By: James Gravley | WV Sports Chat
Baseball America, who is driven by analytical data, released its latest Field of 64 projections and quite frankly they dropped the ball.
How?
They don’t have a single Big 12 team hosting a regional in what is — behind the ACC and SEC — one of the toughest baseball conferences out there.
No Kansas. No West Virginia. No Arizona State. No TCU. Not one single Big 12 team is hosting, per Baseball America.
Here is what they said about West Virginia:
“West Virginia’s RPI dropped to No. 28 as of April 20, a number that becomes increasingly difficult to overlook despite strong overall and conference win totals.”
Sure, WVU dropped a game against Houston. However, they’ve not lost a Big 12 series other than to UCF and they get punished by Baseball America for playing a team late in their schedule. That doesn’t make sense.
Punishing a team just because of who they played later in the season is just lazy.
They then followed that up by saying this about TCU:
“TCU finished conference tournament play with a top 20 RPI last year, and the Big 12 still did not place a team on the host line, a precedent that looms with an RPI number approaching 30.”
Here’s the thing though.
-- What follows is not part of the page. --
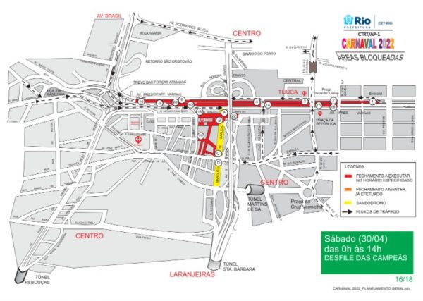 A CET-Rio montou esquema especial de trânsito no Centro da cidade e em todos os seus acessos por conta do Desfile das Campeãs do Carnaval 2022, neste sábado (30/4), no Sambódromo. A operação contará com a participação de 260 operadores de trânsito, entre agentes da Guarda Municipal, da CET-Rio e apoiadores de tráfego, que trabalharão para manter a fluidez, coibir o estacionamento irregular, ordenar os cruzamentos, orientar pedestres e efetuar os bloqueios viários necessários.

Out of the 16 regional spots, Baseball America has 14, yes 14 schools that span out from the Big Ten, ACC and SEC hosting a regional. While Coastal Carolina (Sun Belt) and Oregon State (Independent) are also hosting a regional.
Here is what Baseball America said about Arizona State and BYU:
“Two months ago, it would have sounded unlikely that Arizona State at BYU would carry significant Quad I weight for both sides. But that’s exactly what it became. Arizona State entered the weekend coming off an RPI slide following a midweek loss to rival Arizona in a Quad IV result. BYU, meanwhile, had played its way into a strong RPI position. The Sun Devils responded by taking the series, outscoring the Cougars 12-1 after the third inning of the finale to erase an early 7-0 deficit. The win pushed Arizona State back into the top 40 in RPI, enough for us to move it back onto the two-seed line after sitting as a high three last week. The remaining schedule will continue to shape that profile. Arizona State still has series against Baylor, UCF, Oklahoma State and Houston, with all but the finale carrying significant postseason implications for both sides.”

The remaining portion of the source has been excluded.